> **Your instructions**:
Print out every line of the material exactly. Include no pictures.

> **Extracted records**:
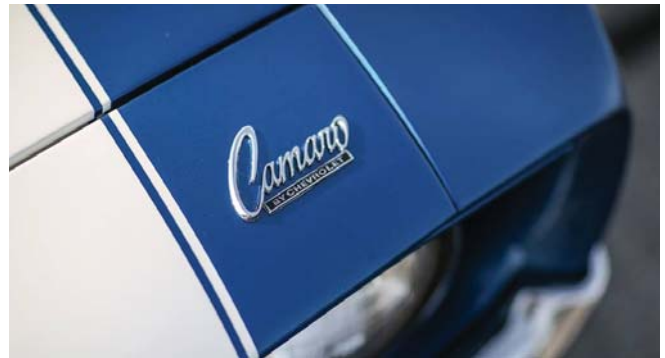
Not to be left out, Chevrolet put wide stripes on the hood of the Z/28, each framed with pinstripes
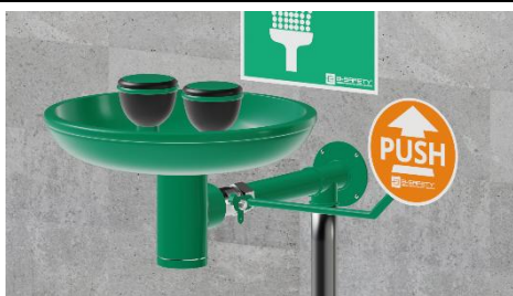
BR 300 0X5
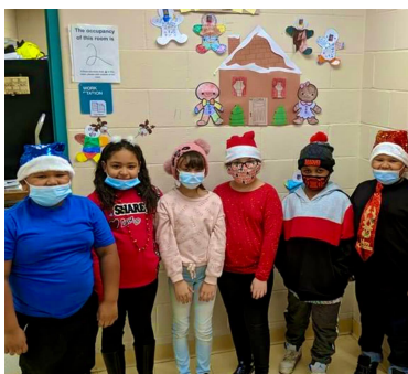
Above: Hat Day - Students from Room 212
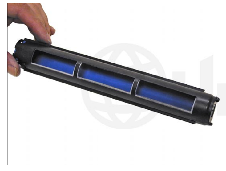
1. Turn the blue handle so that the toner port is open.

The Okidata B2200 toner cartridges are used in the B2200 and B2400 machines. They are rated for 2,000 pages at 5% coverage. There is a chip on the cartridge that must be replaced each cycle. The OEM cartridge part number is 4364030.
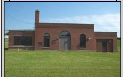
Facility #3 (Ground Water) .864 MGD by Permit

The newest System is the Shaffer Run Well System. Two wells are located on 650 acres of land owned by the Authority.
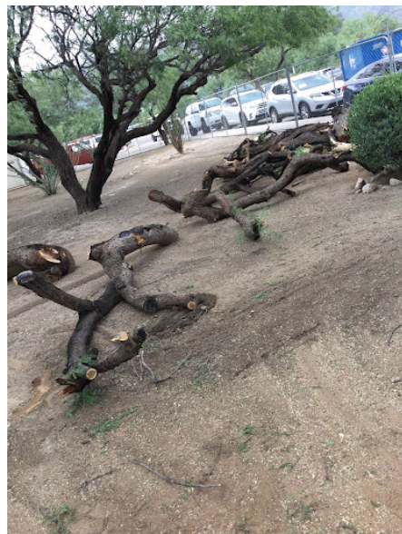
Agua Caliente Elementary School - Trees Salvaged from Site of New Building for use in Nature Trail
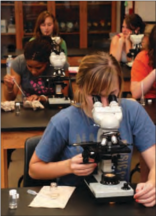
A summer science participant adjusts her microscope during a biology class.

This next summer, the camps are scheduled for June 13-19. More information is available on the Summer Programs page on the Cottey Web site. Applications will be available in January.
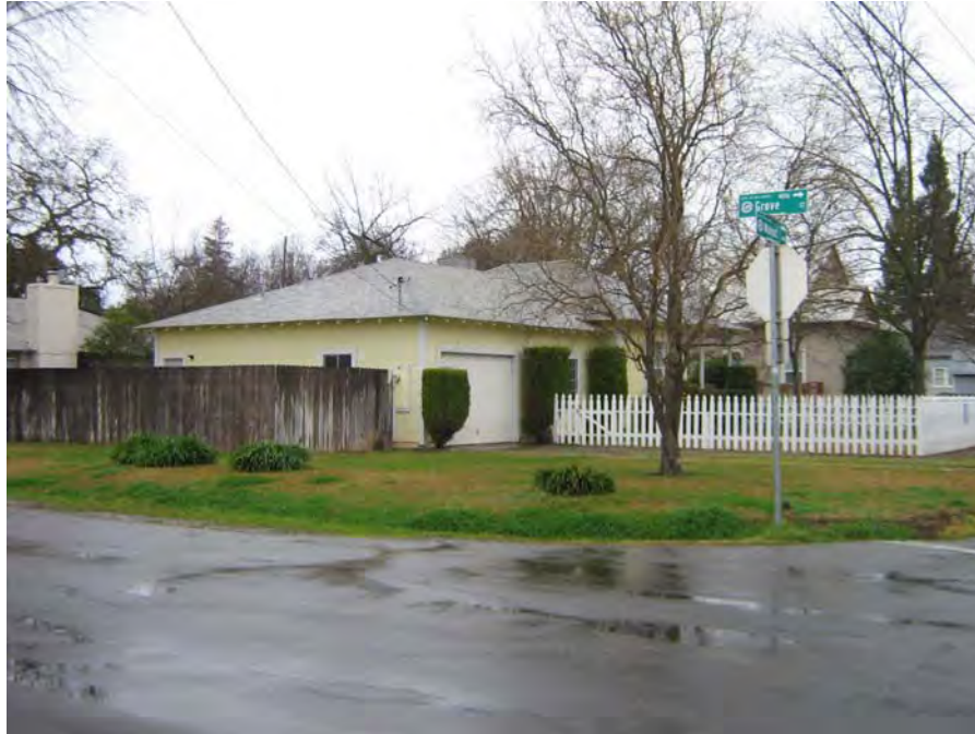
View of south and east facades (Page & Turnbull, 02/13/2012).
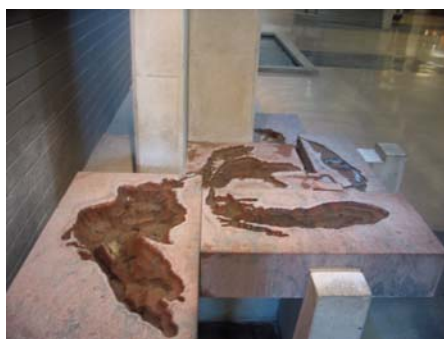
Figure 2. Great Lakes Fountain in the March Networks Exhibit Atrium.

The building's atrium is open seven days a week and houses many exhibits, including a replica Tyrannosaurus rex skull, a wall-mounted reproduction Parasaurolophus skeleton, various mineral exhibits, and an 8.5 x 1.52 x 0.53 m, 1.2-billion-year-old granite gneiss monolith from the Allstone Quarry in Northern Ontario. There is also a gneiss fountain, which is a schematic representation of water flow through the Great Lakes (Fig. 2). A gallery located adjacent to the atrium (Fig. 3) is the venue for talks to visiting groups and houses more exhibits, such as a replica Albertosaurus skeleton, an original cave bear skeleton, and a diorama recreating the environment represented in the Cambrian Burgess Shale in British Columbia. This space is open during regular university business hours.
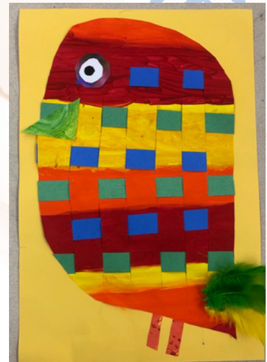
Using warm and cool colors to make a paper weaving bird.
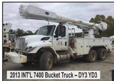
2013 INT'L 7400 Bucket Truck - DY3 YD3
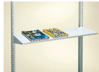
Flat Storage Shelf Includes end brackets – can be used for storage under a fixed display shelf.
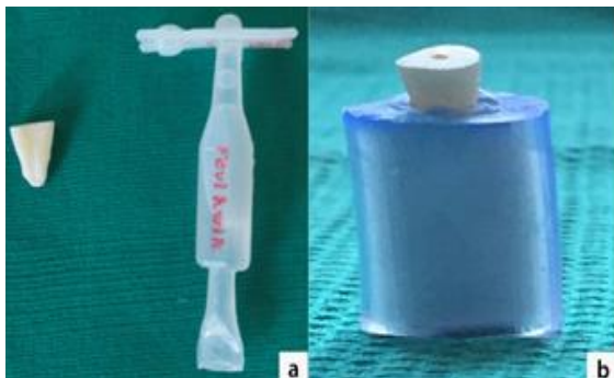
Fig. 1: a – Tooth apex sealed with cyanoacrylate glue; b – Specimen mounted in putty impression material to mimic closed root canal system

decoronated below the CEJ to obtain uniform length (10 mm). The apices of all the specimens were coated with cyanoacrylate glue; after which they were embedded in putty impression material to simulate the closed apical system (Fig. 1).
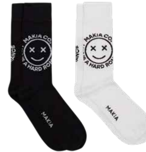
Dizzy two pack of socks

U83001_999 BLACK | 35-38, 39-42, 43-46 80% COTTON 18% POLYAMIDE 2% ELASTANE MADE IN PORTUGAL
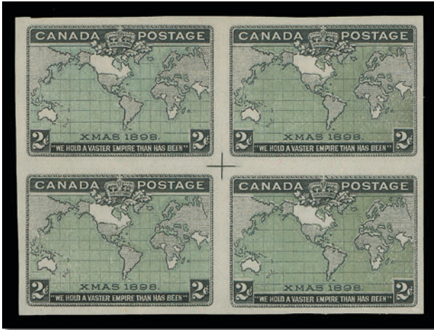
Lot 711 – Realized $3,555
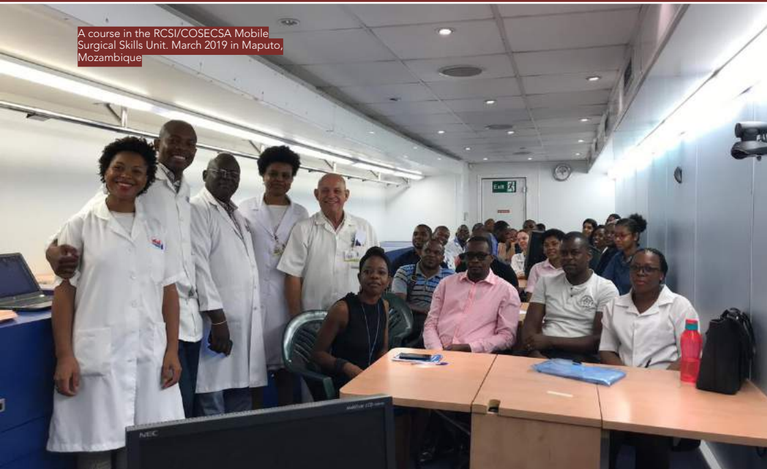
A course in the RCSI/COSECSA Mobile Surgical Skills Unit. March 2019 in Maputo, Mozambique
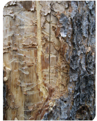
Mountain pine beetle gallery

Mountain pine beetle and western pine beetle are two different species of bark beetle that attack ponderosa pine in western Montana. Mountain pine beetle also attacks other pine species, including lodgepole. Bark beetles mass attack by sending a chemical message that rallies additional beetles to overwhelm a single tree. They bore under the bark where they lay eggs, and then larvae excavate distinct galleries as they feed. Within a year, larvae develop into adults and attack new trees. Trees generally die within a year of a successful attack.
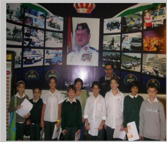
PUBLIC SECURITY DIRECTORATE
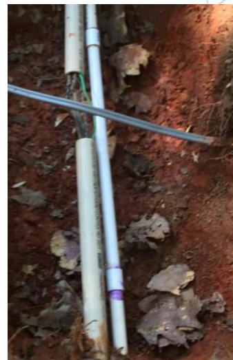
Repaired Boneyard Waterline

This brings me to lake levels, no I cannot fix them, but I wish I could. As you should remember at the beginning of 2016 we were 4.5' over full pond and as of the writing of this article we are right at 10' below full pond (see pictures below). This 14.5' variance causes all of us to keep adjusting dock cables, launch ramps, and mooring scopes. We already have had to move some of the deeper draft boats from the back side of B-dock, some of the boats in the first slips on E-dock, and boats on the shallower moorings. What this means for each member with a boat in the water is that "out of sight out of mind" is not a good position to take. In addition to the low lake levels, winter is upon us and the winds and storms this time of year are rough on all of your hardware and tackle. Please check on your boat, your mooring scope, your dock lines, your mooring pendants, your chafe protection, etc. often and offer to help your dock captain if he needs assistance adjusting your dock. If we do not get some substantial and sustained rainfall, the lake levels will continue to fall and further action will be required of all of us. The north launch ramp dock continues to present us with maintenance challenges in both high and low water conditions. We will review this situation early in the year to decide if it is worth trying to keep the dock in operation.
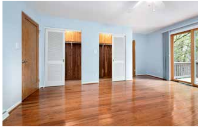
Two Cedar Closets in Primary Suite
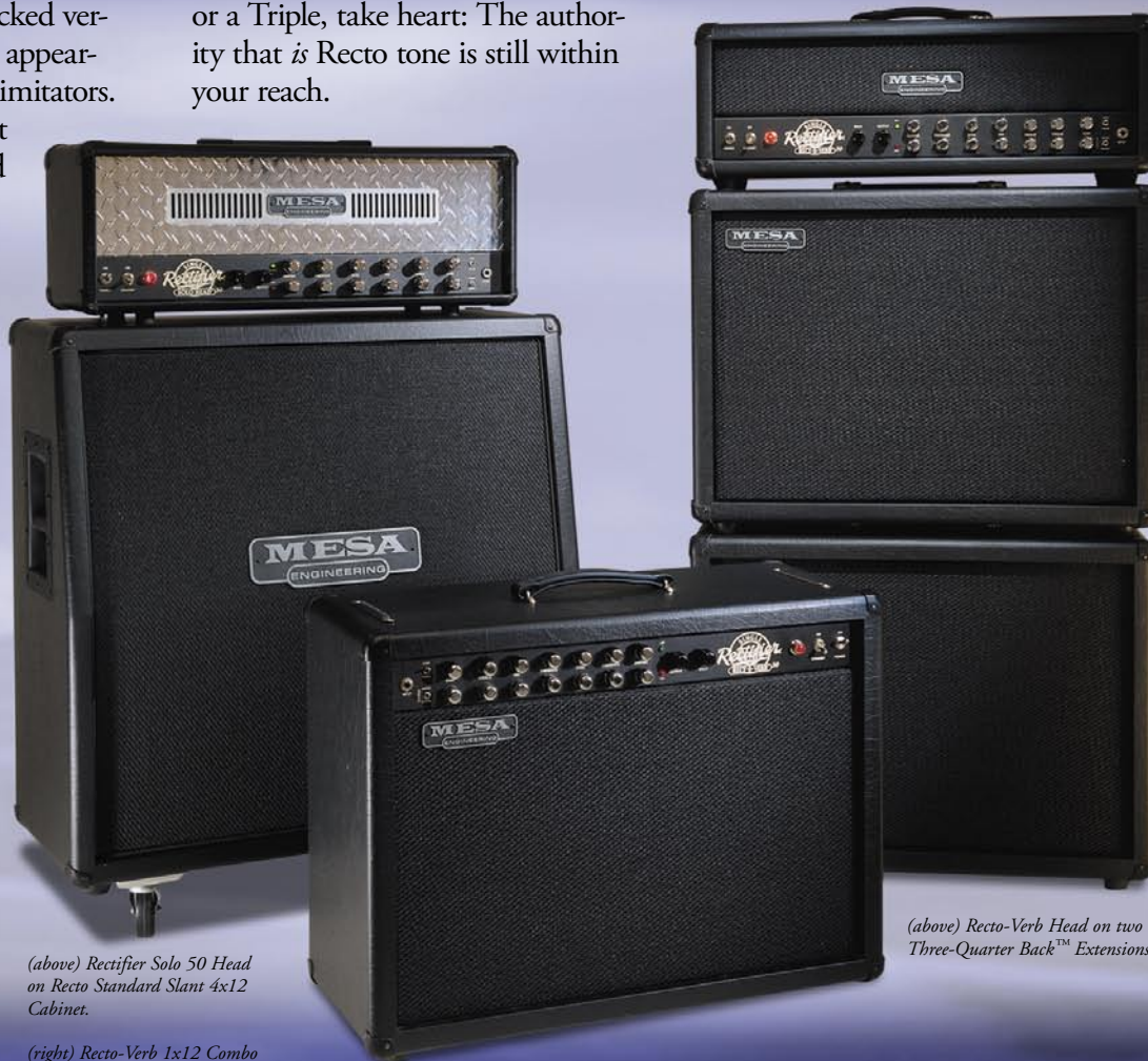
Recto-Verb available as head or beefy 1x12 combo, with separate Reverb controls per channel.

or a Triple, take heart: The authority that is Recto tone is still within your reach.

> **Answer for the task**:
Not to be left out, Chevrolet put wide stripes on the hood of the Z/28, each framed with pinstripes
BR 300 0X5
Above: Hat Day - Students from Room 212
1. Turn the blue handle so that the toner port is open.

The Okidata B2200 toner cartridges are used in the B2200 and B2400 machines. They are rated for 2,000 pages at 5% coverage. There is a chip on the cartridge that must be replaced each cycle. The OEM cartridge part number is 4364030.
Facility #3 (Ground Water) .864 MGD by Permit

The newest System is the Shaffer Run Well System. Two wells are located on 650 acres of land owned by the Authority.
Agua Caliente Elementary School - Trees Salvaged from Site of New Building for use in Nature Trail
A summer science participant adjusts her microscope during a biology class.

This next summer, the camps are scheduled for June 13-19. More information is available on the Summer Programs page on the Cottey Web site. Applications will be available in January.
View of south and east facades (Page & Turnbull, 02/13/2012).
Figure 2. Great Lakes Fountain in the March Networks Exhibit Atrium.

The building's atrium is open seven days a week and houses many exhibits, including a replica Tyrannosaurus rex skull, a wall-mounted reproduction Parasaurolophus skeleton, various mineral exhibits, and an 8.5 x 1.52 x 0.53 m, 1.2-billion-year-old granite gneiss monolith from the Allstone Quarry in Northern Ontario. There is also a gneiss fountain, which is a schematic representation of water flow through the Great Lakes (Fig. 2). A gallery located adjacent to the atrium (Fig. 3) is the venue for talks to visiting groups and houses more exhibits, such as a replica Albertosaurus skeleton, an original cave bear skeleton, and a diorama recreating the environment represented in the Cambrian Burgess Shale in British Columbia. This space is open during regular university business hours.
Using warm and cool colors to make a paper weaving bird.
2013 INT'L 7400 Bucket Truck - DY3 YD3
Flat Storage Shelf Includes end brackets – can be used for storage under a fixed display shelf.
Fig. 1: a – Tooth apex sealed with cyanoacrylate glue; b – Specimen mounted in putty impression material to mimic closed root canal system

decoronated below the CEJ to obtain uniform length (10 mm). The apices of all the specimens were coated with cyanoacrylate glue; after which they were embedded in putty impression material to simulate the closed apical system (Fig. 1).
Dizzy two pack of socks

U83001_999 BLACK | 35-38, 39-42, 43-46 80% COTTON 18% POLYAMIDE 2% ELASTANE MADE IN PORTUGAL
Lot 711 – Realized $3,555
A course in the RCSI/COSECSA Mobile Surgical Skills Unit. March 2019 in Maputo, Mozambique
Mountain pine beetle gallery

Mountain pine beetle and western pine beetle are two different species of bark beetle that attack ponderosa pine in western Montana. Mountain pine beetle also attacks other pine species, including lodgepole. Bark beetles mass attack by sending a chemical message that rallies additional beetles to overwhelm a single tree. They bore under the bark where they lay eggs, and then larvae excavate distinct galleries as they feed. Within a year, larvae develop into adults and attack new trees. Trees generally die within a year of a successful attack.
PUBLIC SECURITY DIRECTORATE
Repaired Boneyard Waterline

This brings me to lake levels, no I cannot fix them, but I wish I could. As you should remember at the beginning of 2016 we were 4.5' over full pond and as of the writing of this article we are right at 10' below full pond (see pictures below). This 14.5' variance causes all of us to keep adjusting dock cables, launch ramps, and mooring scopes. We already have had to move some of the deeper draft boats from the back side of B-dock, some of the boats in the first slips on E-dock, and boats on the shallower moorings. What this means for each member with a boat in the water is that "out of sight out of mind" is not a good position to take. In addition to the low lake levels, winter is upon us and the winds and storms this time of year are rough on all of your hardware and tackle. Please check on your boat, your mooring scope, your dock lines, your mooring pendants, your chafe protection, etc. often and offer to help your dock captain if he needs assistance adjusting your dock. If we do not get some substantial and sustained rainfall, the lake levels will continue to fall and further action will be required of all of us. The north launch ramp dock continues to present us with maintenance challenges in both high and low water conditions. We will review this situation early in the year to decide if it is worth trying to keep the dock in operation.
Two Cedar Closets in Primary Suite
Recto-Verb available as head or beefy 1x12 combo, with separate Reverb controls per channel.

or a Triple, take heart: The authority that is Recto tone is still within your reach.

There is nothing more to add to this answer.